→ **Recorded data**

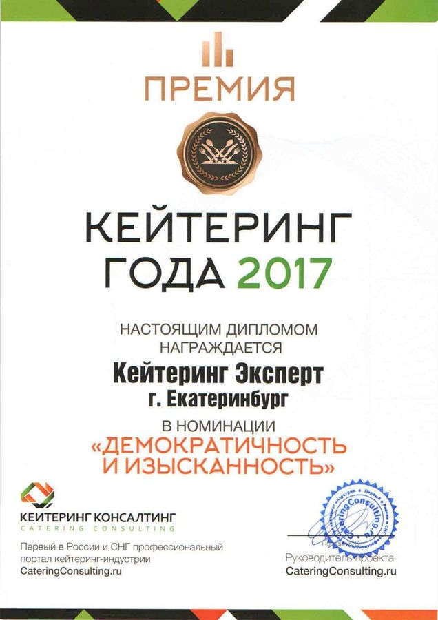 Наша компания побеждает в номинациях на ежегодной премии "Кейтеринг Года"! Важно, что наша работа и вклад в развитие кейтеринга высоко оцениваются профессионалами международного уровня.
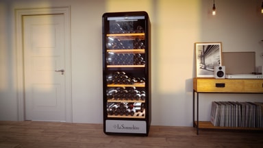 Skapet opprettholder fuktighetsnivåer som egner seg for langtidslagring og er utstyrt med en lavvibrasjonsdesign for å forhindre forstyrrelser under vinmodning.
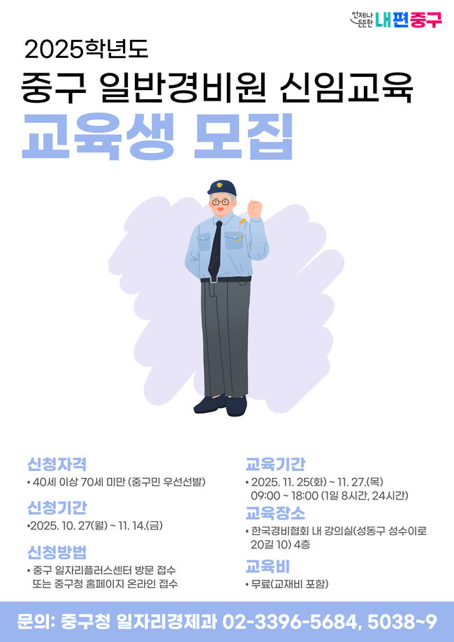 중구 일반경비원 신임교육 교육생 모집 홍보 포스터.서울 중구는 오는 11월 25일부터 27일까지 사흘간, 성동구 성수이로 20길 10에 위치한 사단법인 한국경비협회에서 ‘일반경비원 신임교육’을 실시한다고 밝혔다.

→ **Required action**
Replicate the material above verbatim; images stay out of the copy.

→ **Solution to this exercise**
 Наша компания побеждает в номинациях на ежегодной премии "Кейтеринг Года"! Важно, что наша работа и вклад в развитие кейтеринга высоко оцениваются профессионалами международного уровня.
 Skapet opprettholder fuktighetsnivåer som egner seg for langtidslagring og er utstyrt med en lavvibrasjonsdesign for å forhindre forstyrrelser under vinmodning.
 중구 일반경비원 신임교육 교육생 모집 홍보 포스터.서울 중구는 오는 11월 25일부터 27일까지 사흘간, 성동구 성수이로 20길 10에 위치한 사단법인 한국경비협회에서 ‘일반경비원 신임교육’을 실시한다고 밝혔다.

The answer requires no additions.